Speaking on a panel discussion on Tuesday, Gracelyn Cassell, the Head of the UWI Open Campus in Montserrat, cleared up myths that the event started in a community called St Patrick’s.

Reading from an article in the 1978/79 annual report of UWI’s Extra-Mural studies, she noted that the St Patrick’s Day festival was a staple at the institution and restaged later in St John’s, a rural district.

“It is a convenient story to say the St Patrick’s celebrations started in St Patrick but that’s not how the story unfolded. Activities shifted to St Patrick’s in the 1980s after the day was declared a holiday,” she said.

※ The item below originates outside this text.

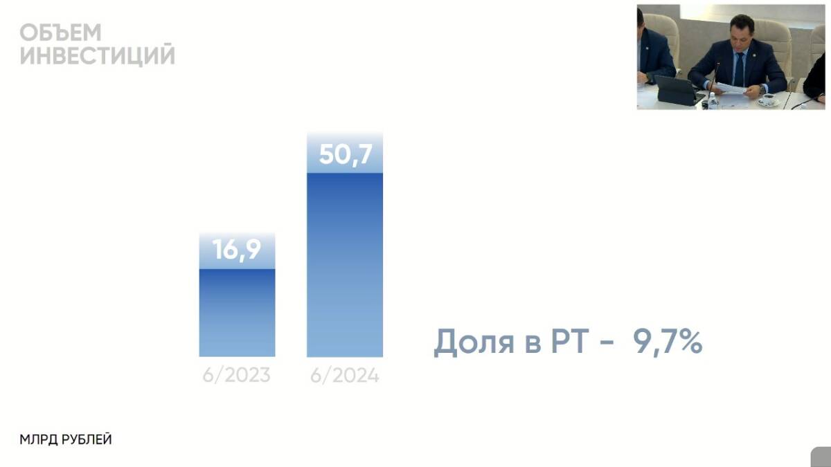 Лидирует Елабужский район и по объему инвестиций на душу населения, первенство он сохраняет с 2023 года. В среднем на человека приходится 592 тысячи рублей. Общий объем инвестиций Елабужского района по итогам первого полугодия 2024 года составил 50 миллиардов рублей. По итогам 2023 года – 163 млрд, 2022 года – 48 млрд.
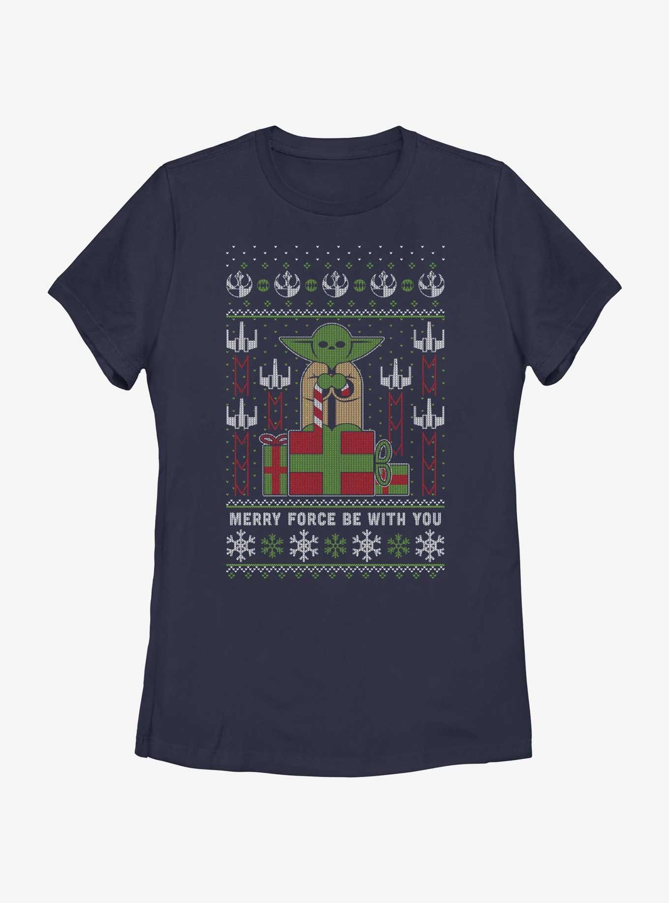Star Wars Yoda Merry Force Ugly Christmas Pattern Womens T-Shirt in Chattanooga, TN

Following the eruption of the Soufriere Hills volcano in 1997, St Patrick along with the capital, Plymouth and many other communities on the Southeastern side of the island was buried in ash and lava and the area was declared an exclusion zone.

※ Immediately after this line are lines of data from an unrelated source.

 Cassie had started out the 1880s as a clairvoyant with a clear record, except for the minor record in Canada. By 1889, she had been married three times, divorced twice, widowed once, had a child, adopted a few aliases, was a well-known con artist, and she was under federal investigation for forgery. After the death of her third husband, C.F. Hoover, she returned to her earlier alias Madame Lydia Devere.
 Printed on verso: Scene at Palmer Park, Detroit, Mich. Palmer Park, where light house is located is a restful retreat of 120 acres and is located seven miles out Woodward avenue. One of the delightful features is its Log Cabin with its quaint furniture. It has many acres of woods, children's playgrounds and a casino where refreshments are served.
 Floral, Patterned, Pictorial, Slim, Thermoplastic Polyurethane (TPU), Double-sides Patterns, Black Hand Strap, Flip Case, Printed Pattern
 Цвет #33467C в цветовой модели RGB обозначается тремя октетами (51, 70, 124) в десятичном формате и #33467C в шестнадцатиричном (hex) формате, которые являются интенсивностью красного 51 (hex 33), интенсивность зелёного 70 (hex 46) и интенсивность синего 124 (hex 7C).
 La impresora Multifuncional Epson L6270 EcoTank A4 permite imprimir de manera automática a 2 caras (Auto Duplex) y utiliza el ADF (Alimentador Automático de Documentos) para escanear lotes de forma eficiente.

As a result, the festival was shifted to a community called Salem, which is closest to the zone.

St Patrick’s where the festival grew is now under ash from the Soufriere Hils volcanic explosion in 1997.

Today the festival has grown to include fashion shows, lectures, art exhibitions, a market, a parade and fetes.

Vernaire Bass, Head of Planning and Production at the Montserrat Arts Council and host of 664 Connect, told Loop News that around 2015 a DJ group called Hypnotix was one of the first promoters to stage a fete called Leprechaun’s Revenge, a party that exceeded expectations and encouraged other promoters to throw their own events.

She said the parties, combined with the cheaper flights at this time of year, attracted a lot of young people.

Bass, who was born in Montserrat and moved back to the island from the UK, sees the festival as not just a tourism product but a doorway to encourage Montserratians to give back to the island still trying to steady itself and economy since the volcanic eruption of 1995.

With the tourism industry shut down over the last year, the Tourism Division has kept busy focusing on product development.

Solomon said they have been upgrading beaches, installing bathroom facilities at popular beaches, creating picnic areas on beaches, and making trails a lot more user-friendly. There has also been an emphasis on training for tourism stakeholders in customer service, presentation and packaging of souvenir items, and so on.

He revealed that there is an effort to bring a private sector perspective to government policy through the establishment of a tourism stakeholder advisory council.

The island has also been ramping up its marketing with a new website, participation in virtual trade events such as World Travel Market, which Solomon said, allowed them to have a seat at the table with larger destinations and the launch of a Remote Workers Stamp on February 1 which allows travellers to live and work from the island for one year.

The 2021 St Patrick’s Day Festival is being commemorated virtually this year with online activities from March 15 to 19.